In highlight sessions on the first morning, Wolfram Kwapil, of Freiburg University, described light-elevated temperature-induced degradation (LETID) as “the phenomenon of the PERC [passivated emitter, rear contact] era,” and Manchester University’s Tarek Abdul Fattah outlined the current state of the art – we know that the LETID mechanism involves hydrogen atoms and is affected by properties of the dopant but little else is agreed upon.

Gallium doping certainly makes cells less susceptible to performance loss from LETID but cannot be said to eliminate it completely. Various alterations to the firing process in cell production have also been shown to improve LETID performance but there’s still work to be done.

Fully explaining that mechanisms behind LETID has become a major goal for PV researchers and a range of sophisticated models to explain the performance loss – as well as sophisticated imaging techniques aiming to track the behaviour of hydrogen atoms in the material – was presented.

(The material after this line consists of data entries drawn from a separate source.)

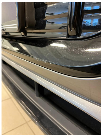
1.4 Sår på støtfanger, midtre del
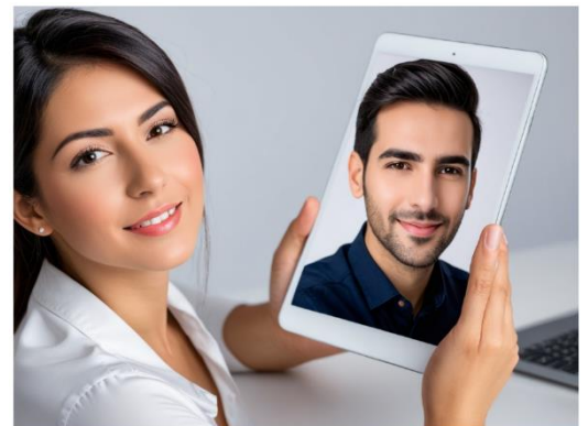
Deep Dream Generator

Para finalizar con este ensayo, hemos realizado la misma pregunta a las seis AI generativas del principio: ¿No crees que el uso que haces siempre del género masculino para referirse a profesiones de alta cualificación donde hay muchas más mujeres que hombres contribuye a la invisibilización del género femenino? Estos son los resultados
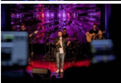
• XXV Festiwal Ave - Kopalnia Kultury
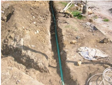
Figura 38. Instalación Redes Eléctricas

Para mejorar la superficie de los senderos se aplico una capa de sub-base a cada uno de ellos, después se compactó con el fin de entregarles a los encargados de la instalación de la piedra la superficie en las mejores condiciones. En los andenes fue necesario aplicar más de una capa de sub-base debido a que la piedra de la mesa de los santos es mucho más delgada que la de Barichara y necesita menos espacio para ser instalada.
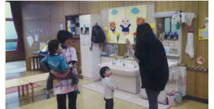
▶たまにはお子さんを預けてリフレッシュを(笹目川保育園)

議員 子供の話 を頼める ご近所さ んや親戚 がない専門主婦は、 自分の自由な時間が持 てずに育児ストレスを 抱えがちである。公的 な子供預かりサービス の充実に向け、「一時 保育」の土曜日実施、 「二時預かり」の午前 実施と土曜日実施をし てはどうか。
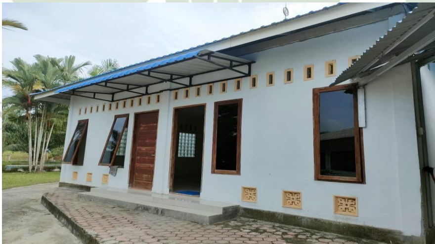
Gambar 1.18 Mushola SMP Negeri 3 Air Putih
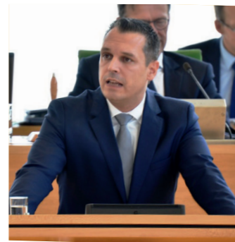
Einsatz für das Erzgebirge - seit 2014 als Abgeordneter im Sächsischen Landtag
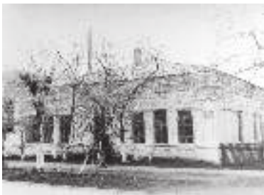
Дом купца Евсивича
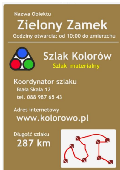
Rys. 3. Przykład tablicy informacyjnej szlaku materialnego przy obiekcie (opr. A. Mikos von Rohrscheidt, O. Artyschuk)

Bram Hoex, from the University of New South Wales, also shared new work on potential-induced degradation (PID), noting that this has been an increasing problem in the past few years thanks to bifacial modules and a degradation mechanism particularly affecting the rear side of panels. Hoex warned that newer TOPCon [tunnel oxide passivated contact] and HJT [heterojunction] modules may also be more susceptible to PID than the current generation of modules, and outlined a new testing protocol to detect it early on.

Tandem future

The keynote speech at this year’s conference was delivered by Rutger Schlatmann, of Helmholtz Zentrum Berlin, a research institute, who noted that PV efficiency has increased, on average, by 0.6% per year since the first cells were made in the 1960s. He described perovskite-silicon tandem cells as “the missing link” to keeping the technology on this trajectory, further noting that the knowledge to do this is very much present in Europe.

A later session on research into tandem cells revealed more of the, previously-mentioned closer link to industry. Much of the work here focused on further optimisation of silicon cell processing for integration with another top cell, with the addition of a nickel-oxide layer mentioned by a few researchers as a potentially useful innovation.